18 May 2025 | Zhengyi Luo, Jinkun Cao, Sammy Christen, Alexander Winkler, Kris Kitani, Weipeng Xu
The paper "Omnigrasp: Grasping Diverse Objects with Simulated Humanoids" presents a method for controlling a simulated humanoid to grasp and manipulate objects, following complex trajectories. The key challenge in this task is the dexterity required for precise object manipulation, especially with a humanoid robot that has a high degree of freedom. To address this, the authors introduce a novel approach that leverages a pre-trained universal dexterous humanoid motion representation, which significantly speeds up training and enables the controller to handle a wide range of objects and trajectories.
The method, called Omnigrasp, uses a hierarchical reinforcement learning (RL) framework. It trains on a large dataset of diverse object meshes and trajectories, without requiring paired full-body motion data. The core idea is to use a pre-grasp guided grasping training process, where the policy is trained using only the hand pose before grasping, which helps in stabilizing the grasp and improving the success rate. The reward function is designed to encourage the policy to approach the object, initiate a grasp, and then follow the desired trajectory.
The authors also introduce PULSE-X, a physics-based universal dexterous humanoid motion representation, which extends the PULSE framework to include articulated fingers. This representation is trained using a large-scale human motion dataset augmented with finger motion and distilled into a compact latent space. The latent space serves as the action space for the RL policy, allowing for simple state and reward designs.
Experiments on datasets such as GRAB, OakInk, and OMOMO demonstrate that Omnigrasp can successfully grasp and manipulate a wide variety of objects, achieving high success rates in both grasping and trajectory following. The method generalizes well to unseen objects and trajectories, and it shows robustness to input noise, suggesting potential for real-world deployment with appropriate modifications.

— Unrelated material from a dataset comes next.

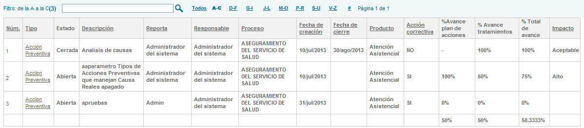 El listado de acciones correctivas funciona igual que el listado de acciones preventivas.
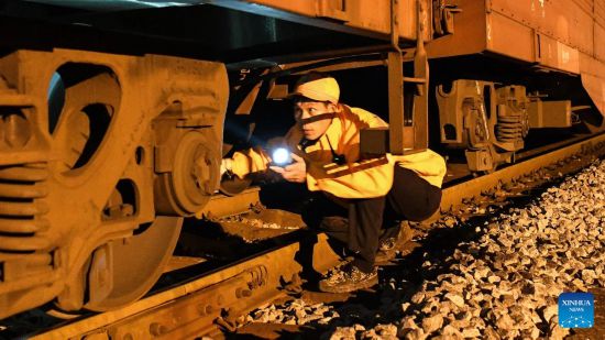 A staff member checks a freight train at a railway station in Liuzhou, south China's Guagnxi Zhuang Autonomous Region, Jan. 31, 2022. On the eve of the Chinese Lunar New Year, staff members at the railway station stuck to their posts to ensure the safe operation of the trains. (Xinhua/Zhang Ailin)

The paper concludes by discussing limitations, such as the need for further improvements in trajectory following success rates and grasping diversity, and outlines future work directions, including enhancing the humanoid motion representation and improving object representation for better generalization.The paper "Omnigrasp: Grasping Diverse Objects with Simulated Humanoids" presents a method for controlling a simulated humanoid to grasp and manipulate objects, following complex trajectories. The key challenge in this task is the dexterity required for precise object manipulation, especially with a humanoid robot that has a high degree of freedom. To address this, the authors introduce a novel approach that leverages a pre-trained universal dexterous humanoid motion representation, which significantly speeds up training and enables the controller to handle a wide range of objects and trajectories.
The method, called Omnigrasp, uses a hierarchical reinforcement learning (RL) framework. It trains on a large dataset of diverse object meshes and trajectories, without requiring paired full-body motion data. The core idea is to use a pre-grasp guided grasping training process, where the policy is trained using only the hand pose before grasping, which helps in stabilizing the grasp and improving the success rate. The reward function is designed to encourage the policy to approach the object, initiate a grasp, and then follow the desired trajectory.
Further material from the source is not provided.